アップル、iPhone12発売に向けラーガンと特許使用許諾の交渉開始
2020/06/05 台湾アップルはスマートフォン新機種iPhone12を9月以降に発売するとされている。市場関係者によるとiPhone12の広角カメラレンズの設計が、台湾の光学レンズ最大手である大立光電(ラーガン・プレジション)の特許に抵触する可能性があると見られ、アップルが使用許諾の交渉を開始した模様である。これが実現すれば、ラーガンはアップルからの受注だけでなくライセンス料収入も得ることができ、アップルサプライチェーンでの唯一無二の存在となる可能性もあると見られている。

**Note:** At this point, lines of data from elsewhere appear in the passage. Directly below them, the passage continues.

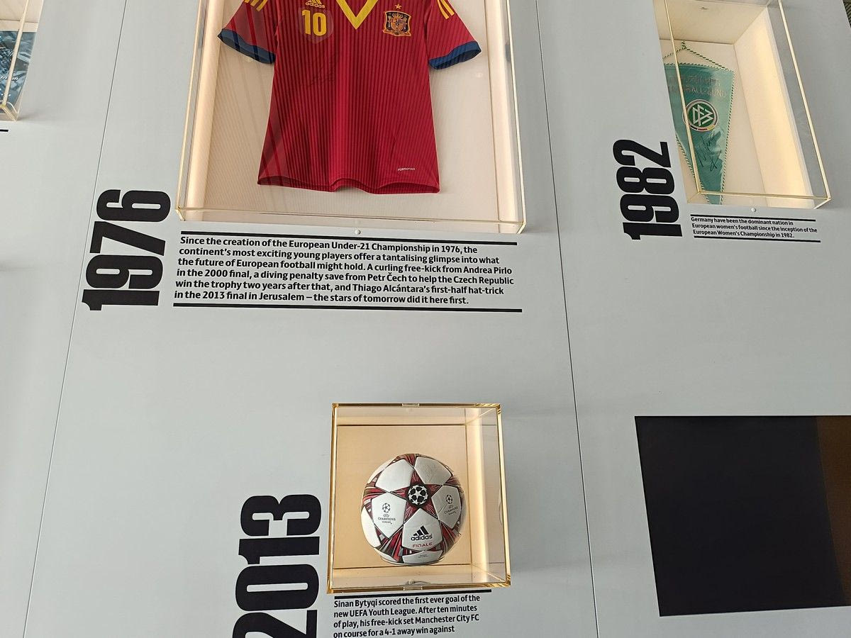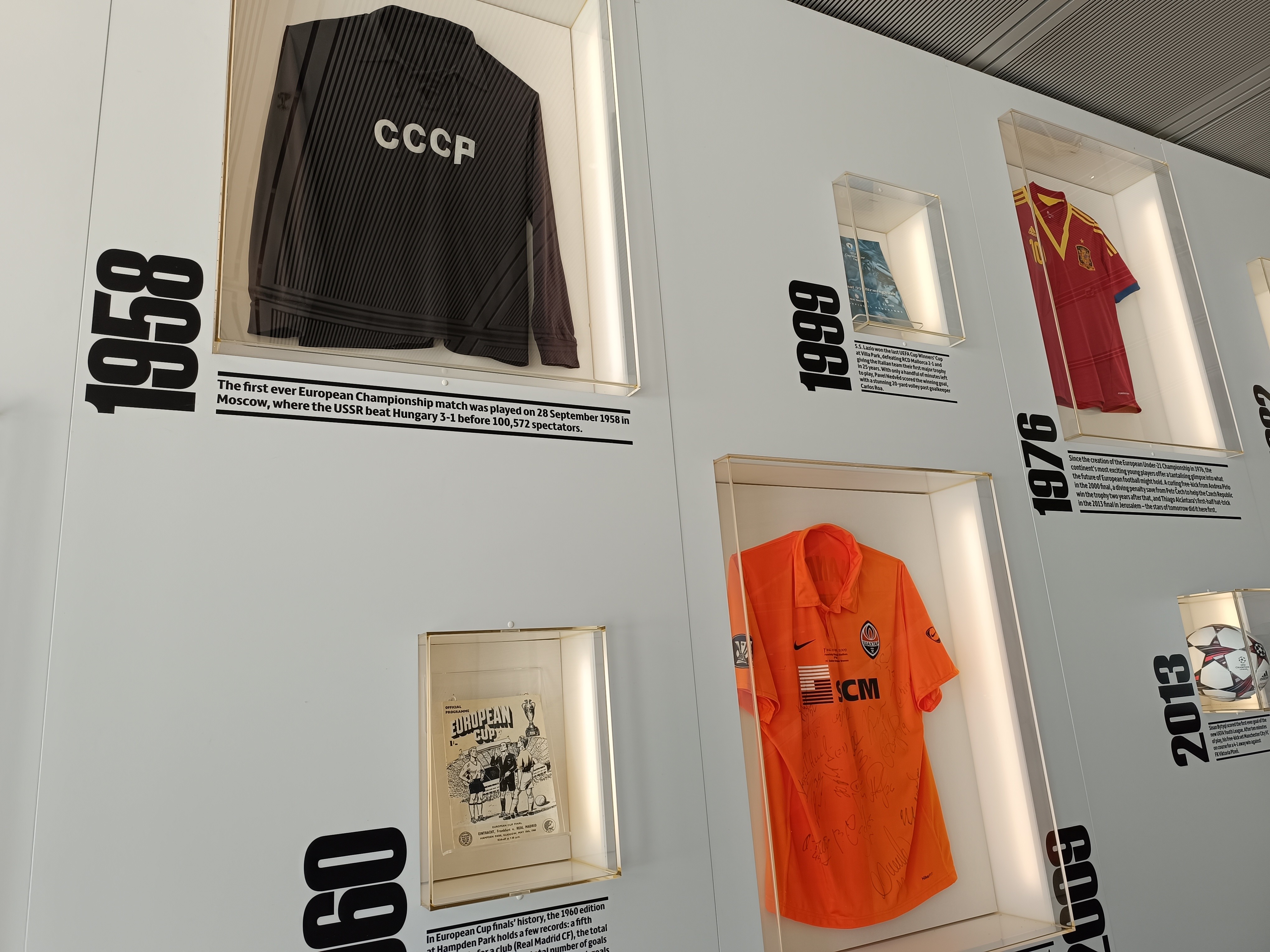 Η φανέλα της Σοβιετικής Ένωσης στο πρώτο παιχνίδι του ευρωπαϊκού πρωταθλήματος το 1958, προγράμματα αγώνων από ιστορικούς τελικούς, η εμφάνιση της Σαχτάρ το 2009 στο τελευταίο Κύπελλο UEFA και η μπάλα του πρώτου Youth League συνθέτουν ένα υπέροχο σκηνικό.
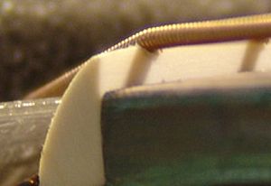 - 3. ナットを取り外したナット溝です。古い接着剤の跡が薄く残っています。
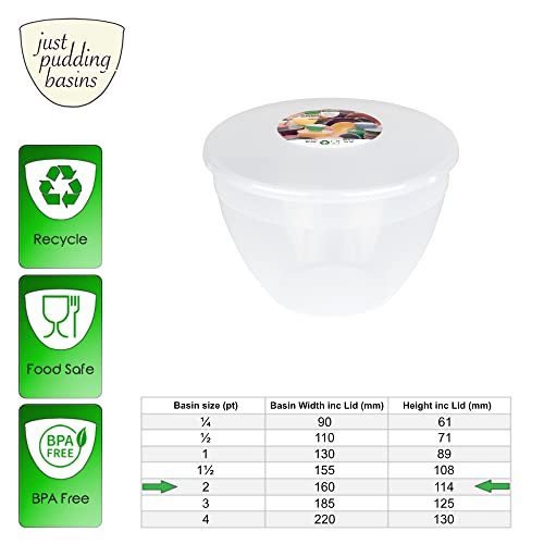 Just Pudding Basins Limited - Ciotole con coperchio, confezione da 3, plastica, trasparente, 1,14 l
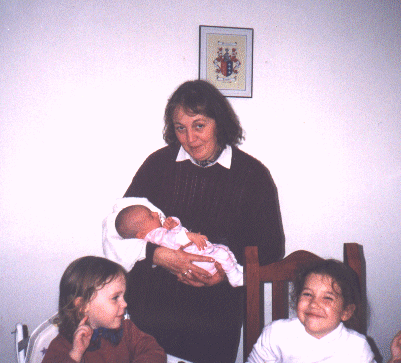 la abuela materna, sosteniendo a July, junto a Daniela y Micaela. |
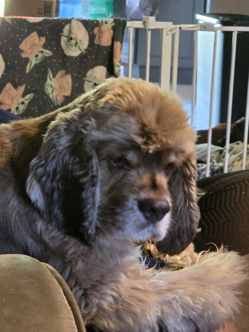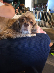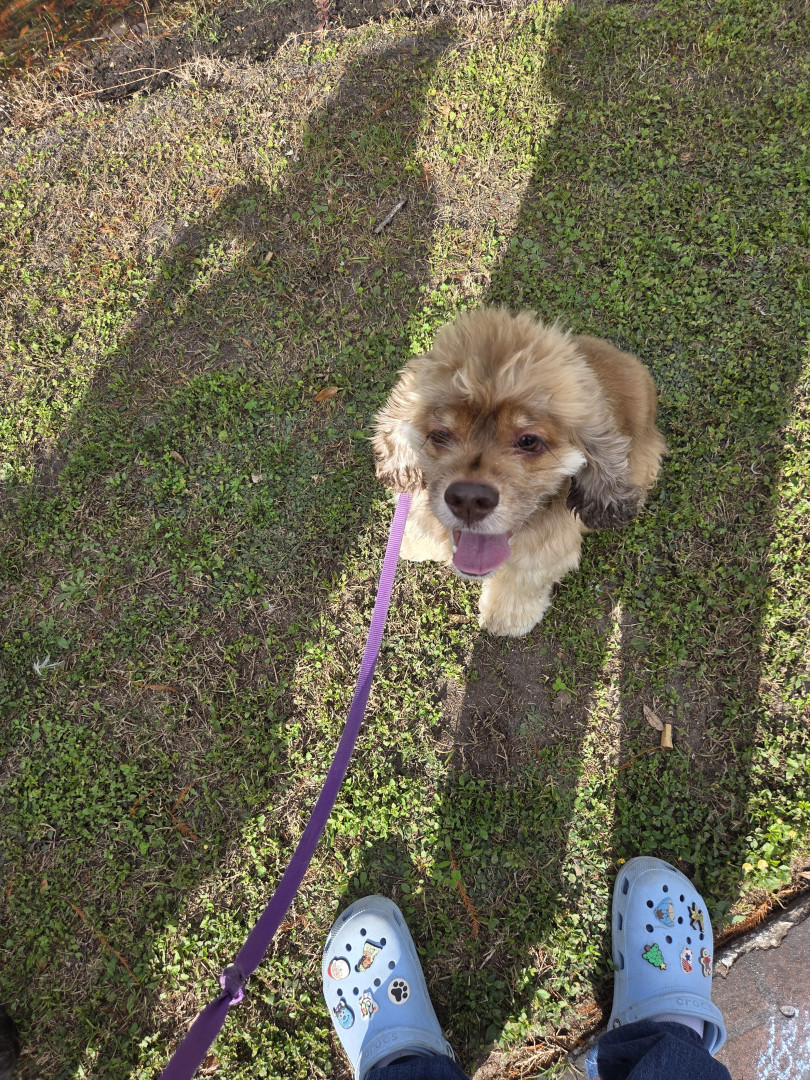 Jojo is a 5 year old blonde Chockapoo. He's very energetic, loves to play fetch with balls. He's a loving snuggle bug and great comp
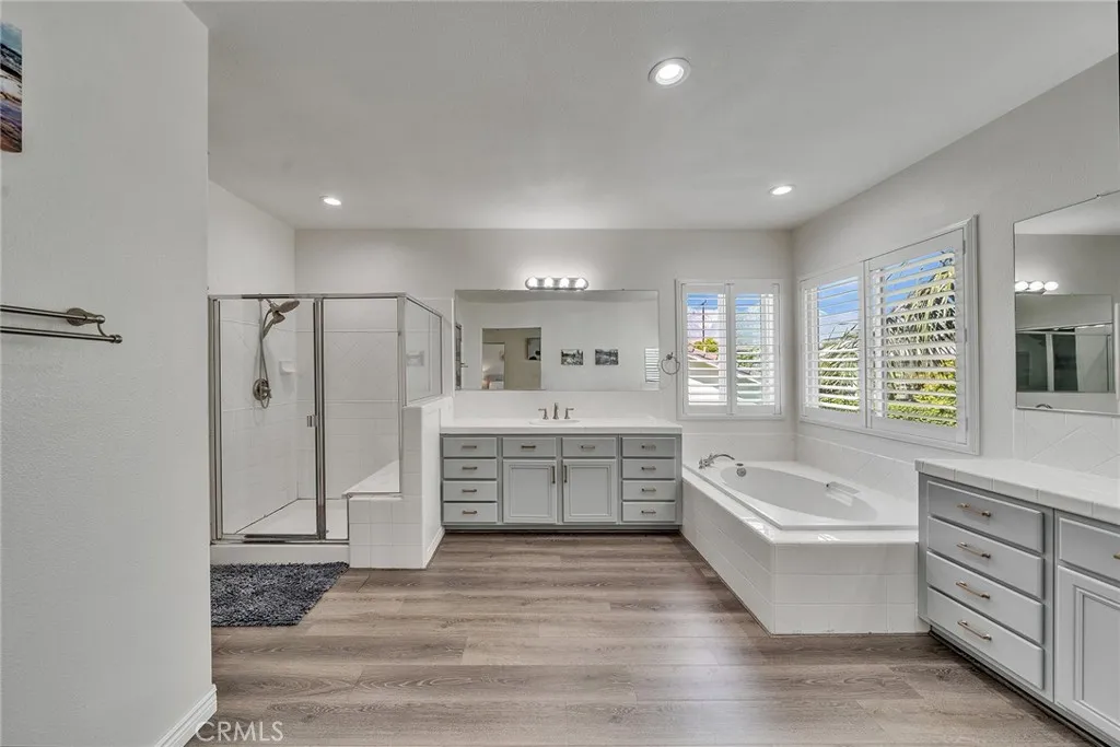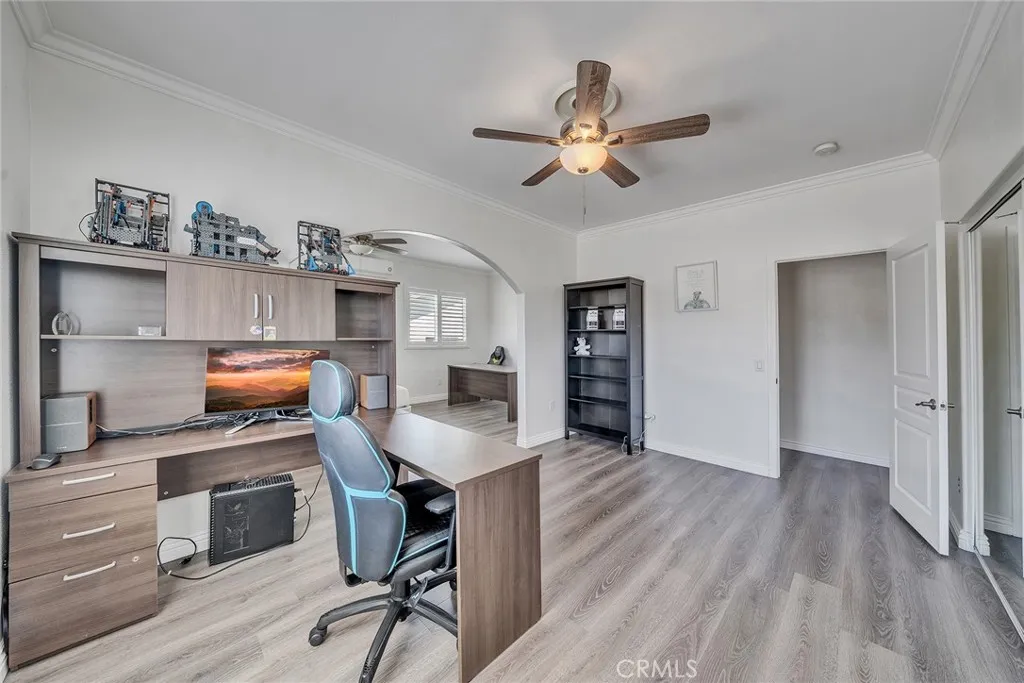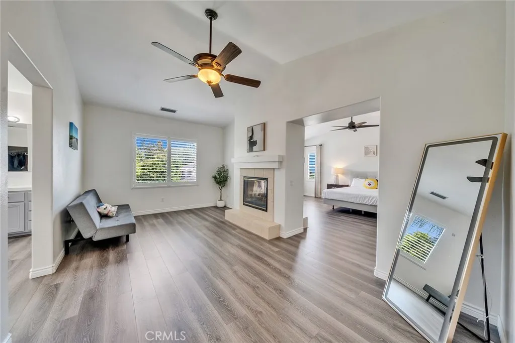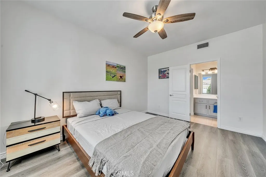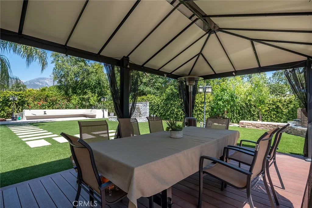 Welcome to this charming contemporary home, ideally positioned on a generous lot with sweeping views of the San Gabriel Mountains, Angeles National Forest, and Mt. Baldy. A pair of double entry doors framed by stacked stone creates a striking first impression and sets the tone for the quality found throughout. Inside, an elegant foyer opens to a dramatic Great Room with soaring sloped ceilings, a warm fireplace, and seamless flow into the spacious open-concept gourmet kitchen. Designed for both everyday living and entertaining, the kitchen showcases a high-BTU stainless steel gas range, abundant cabinetry, and a stunning one-piece stone island accented by custom millwork. The main level also offers exceptional versatility, featuring a dedicated home office or den, a secondary bedroom, two bathrooms, a laundry room, and a deep three-car garage. Upstairs, the private primary suite serves as a true retreat, complete with a double-sided gas fireplace, soaking tub, dual vanities, and a walk-in closet. Three additional hardwood-floored bedrooms are located across the hall, including a boutique-style bedroom created by combining two original rooms. Step outside to an oversized backyard patio ideal for entertaining, barbecuing, or simply relaxing. Stunning outdoor upgrades include a water feature, artificial grass, and a cozy built-in seating area.
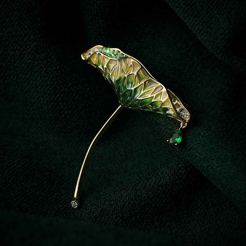 Přidejte svému outfitu nádech elegance inspirované přírodou s naší broží Gold Green Enamel Lotus Leaf Waterdrop Zircon Brooch Pin. Tento vynikající kousek představuje jemný motiv lotosového listu, vyrobený z bohatého zlatého a zeleného smaltu a zdobený třpytivým zirkonovým kapkovitým kamenem pro luxusní vzhled. Perfektní pro doplnění blůz, bund, šátků nebo klobouků, tato brož je všestranným doplňkem do každého šatníku. Její bezpečná zadní spona zajišťuje snadné a pohodlné nošení, což ji činí ideální jak pro běžné, tak formální příležitosti. Ať už se oblékáte na speciální událost, nebo přidáváte elegantní akcent ke svému každodennímu vzhledu, tato brož je nadčasovým a poutavým doplňkem.
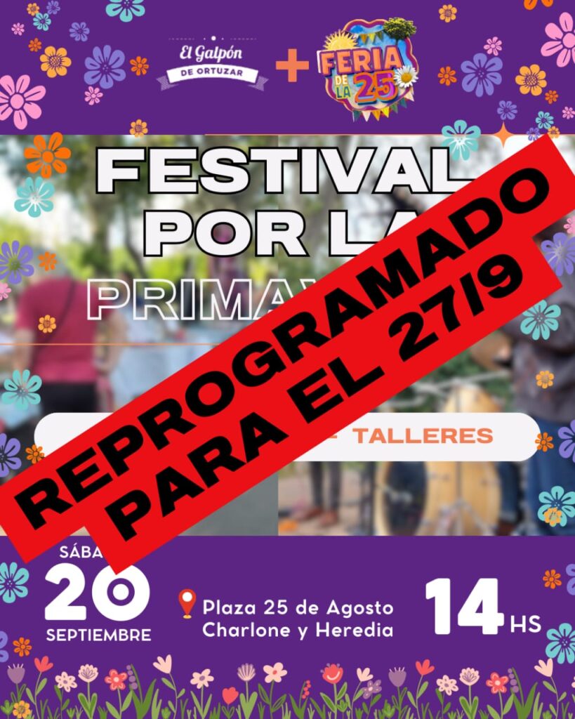 El sábado 27 de septiembre desde las 14hs se realizará el Festival por la Primavera en la plaza 25 de Agosto, Charlone y Heredia, en el barrio de Villa Ortúzar.
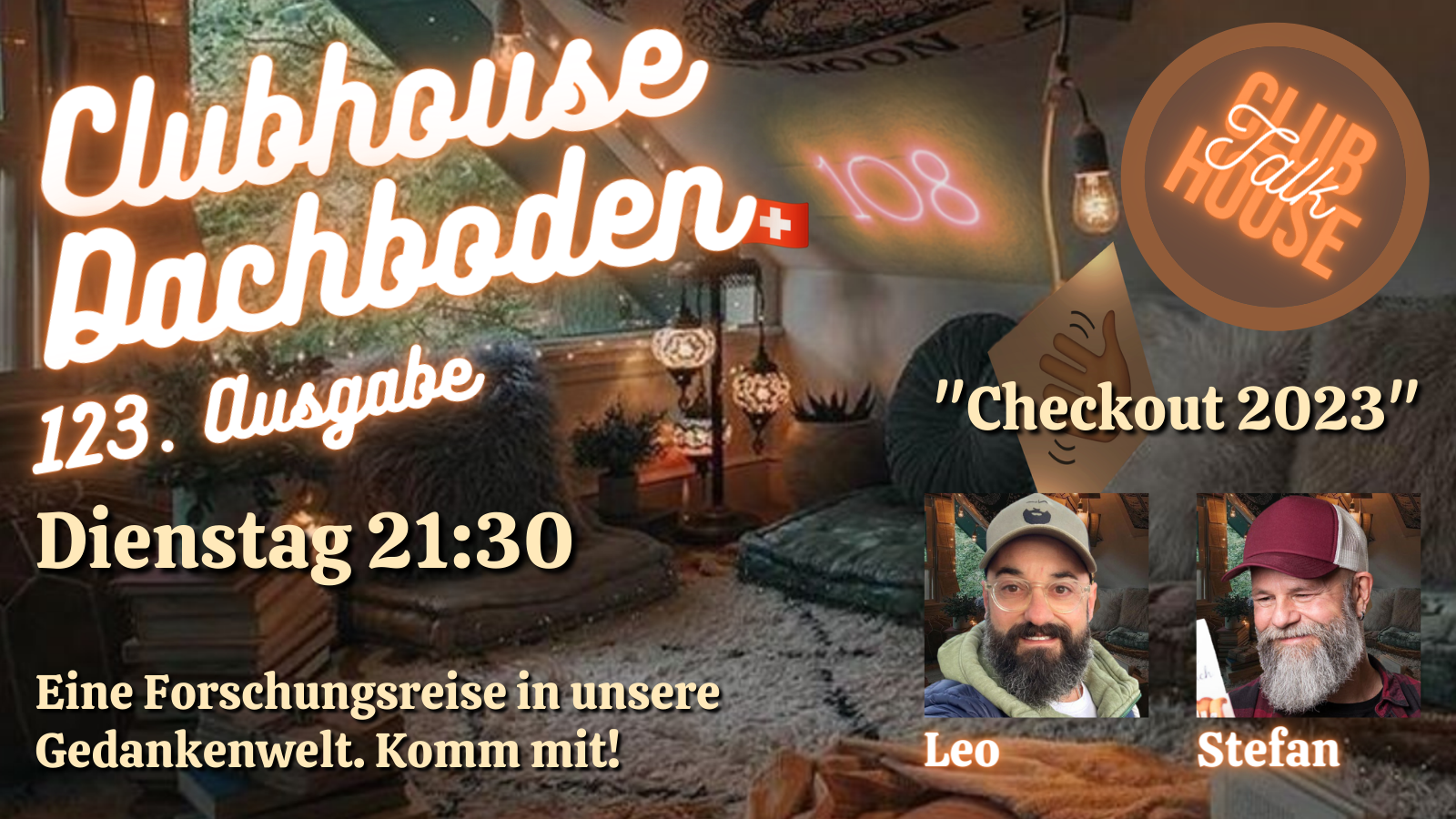 Am Dienstag 19. Dezember 2023 um 21:30 ist es wieder soweit. Wir öffnen den „Dachboden“ auf Clubhouse, wie normalerweise jeden Dienstag um diese Uhrzeit.

iPhoneカメラの主なサプライヤーは、ラーガン、台湾の玉晶光電(ジニアス・エレクトロニック・オプティカル;GSEO)及び日本のカンタツ株式会社が含まれている。今回のニュースを受け、ラーガンは「特許交渉を進めてはいるが、秘密保持条項があるため相手は明かせない」とコメントした。また、ジニアスは、「聞いたことがない話だ。コメントは控える。」と述べるにとどまった。
ラーガンは10年前、日本富士フィルムから特許訴訟を提起され、最終的にラーガンが特許許諾を取得して2013年に和解したことがある。これを教訓にし、2013年にはラーガンの林恩平執行長の主導で、ジニアスとサムスン電子を特許権侵害で提訴する特許訴訟戦を開始し特許を固めてきた。ジニアスとの訴訟は、アップルの仲裁により2016年に和解したと言われており、サムスン電子との訴訟は当時「エビが鯨に挑む」と形容され市場を沸かせたが、その後無事に和解しラーガンはサムスンの受注を獲得した。
※本文章は『台湾知的財産権ニュース』から転載されたものです。